ACTIVITY — Look through the data below and output, unchanged, every line from the one holding "El comando, constituido" through the one holding "Цвет #85DB56 в", inclusive. Skip the pictures.

═════ EXERCISE INPUTS

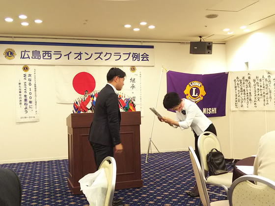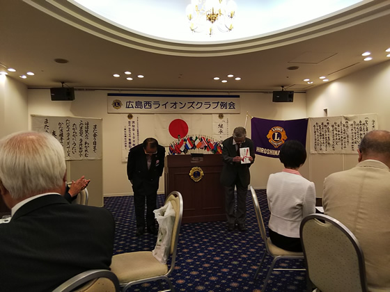 2019年6月13日、広島西ライオンズクラブ第895回例会にお邪魔いたしました。
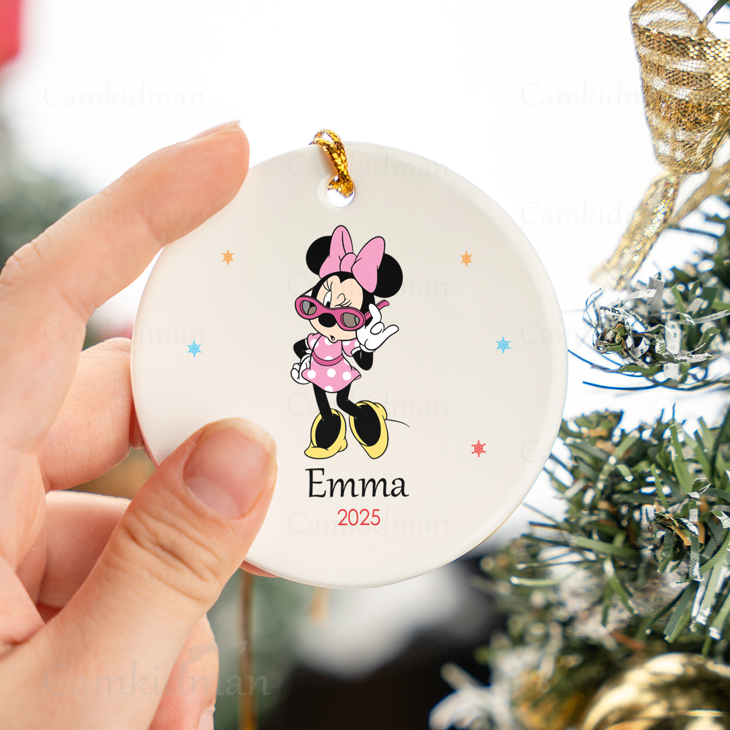 Personalized Name Baby Minnie Pink Bow 2025 Christmas Ceramic Ornament Glass Ornament gifts
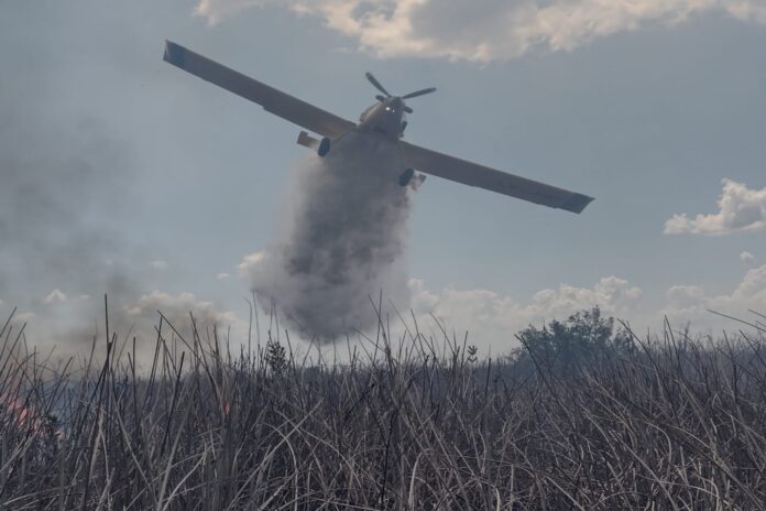 El comando, constituido en el Club Náutico Bartolomé Mitre, realiza tareas de combate con la colaboración de medios aéreos provistos por el Servicio Nacional de Manejo del Fuego.
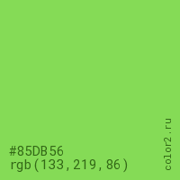 Цвет #85DB56 в цветовой модели RGB обозначается тремя октетами (133, 219, 86) в десятичном формате и #85DB56 в шестнадцатиричном (hex) формате, которые являются интенсивностью красного 133 (hex 85), интенсивность зелёного 219 (hex DB) и интенсивность синего 86 (hex 56).
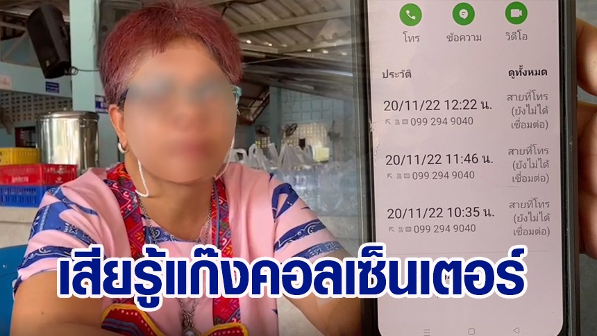 ด้วยความรู้เท่าไม่ถึงการณ์ ประกอบกับแก๊งคอลเซ็นเตอร์มีข้อมูลของตน และวันนั้นตนขายหมูอยู่ด้วย เป็นช่วงชุลมุนและตนก็ทำไม่ถูก จึงให้หลานชายคุยแทน หลานก็กดตามขั้นตอนที่แก็งคอลเซ็นเตอร์บอก ก่อนวางสายคอลเซ็นเตอร์บอกว่าทำรายการเสร็จแล้วเรียบร้อย ตนไม่ต้องจ่ายภาษีเพิ่มแล้ว สุดท้ายพอตนจะโอนค่าแชร์กลายเป็นว่าเงินหายจากบัญชีเกือบหมด พบถูกโอนเข้าบัญชีแก็งคอลเซ็นเตอร์หมดทุกธนาคาร สูญเงินเกือบ 3 หมื่นบาท
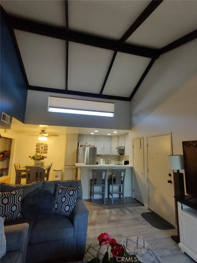 Beautiful, bright corner-unit condo featuring 2 bedrooms and 2 bathrooms. The primary bedroom offers a private en-suite bath and walk-in closet, while the second bedroom is conveniently located near the hallway bath. The spacious living room showcases high vaulted ceilings with wood paneling and abundant natural light. The open-concept kitchen connects seamlessly to the dining and living areas and features stainless steel appliances, a white stove, and an in-unit washer and dryer—ideal for entertaining. Custom features include a wall cabinet bar and a built-in Murphy bed, adding functionality and style. Laminate flooring throughout. Enjoy a private balcony with pool and greenbelt views, along with a small storage area. Two conveniently located parking spaces included. HOA amenities include a pool and spa. Walking distance to shopping, theaters, and restaurants, with nearby hiking and biking trails and easy freeway access. Very unique touches throughout. Move-in ready.
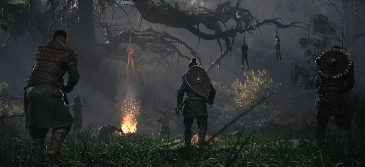На фоне рассказа показаны всадники, добирающиеся до раскидистого дерева, возле которого молятся язычники и приносят жертвы. Авторы игры показали сражение с этими самими язычниками.
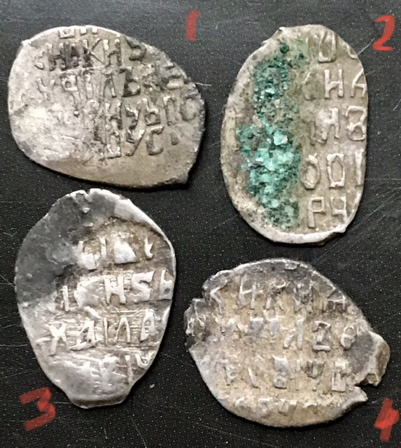 вехний ряд: датчанин и швед, ГКХ2 3587 (6) и 3424 (7). 10тр+ и 1000р+-. нижний ряд - простейшие копейки Михаила, псковская и московская. [/quote Спасибо Вам за помощь! Уважаемые, прошу помочь с определением и оценкой ещё двух. Вес: 0,47. 0,50. Заранее благодарен! Вложенные эскизы изображений |

══════════

TASK RESPONSE —
 El comando, constituido en el Club Náutico Bartolomé Mitre, realiza tareas de combate con la colaboración de medios aéreos provistos por el Servicio Nacional de Manejo del Fuego.
 Цвет #85DB56 в цветовой модели RGB обозначается тремя октетами (133, 219, 86) в десятичном формате и #85DB56 в шестнадцатиричном (hex) формате, которые являются интенсивностью красного 133 (hex 85), интенсивность зелёного 219 (hex DB) и интенсивность синего 86 (hex 56).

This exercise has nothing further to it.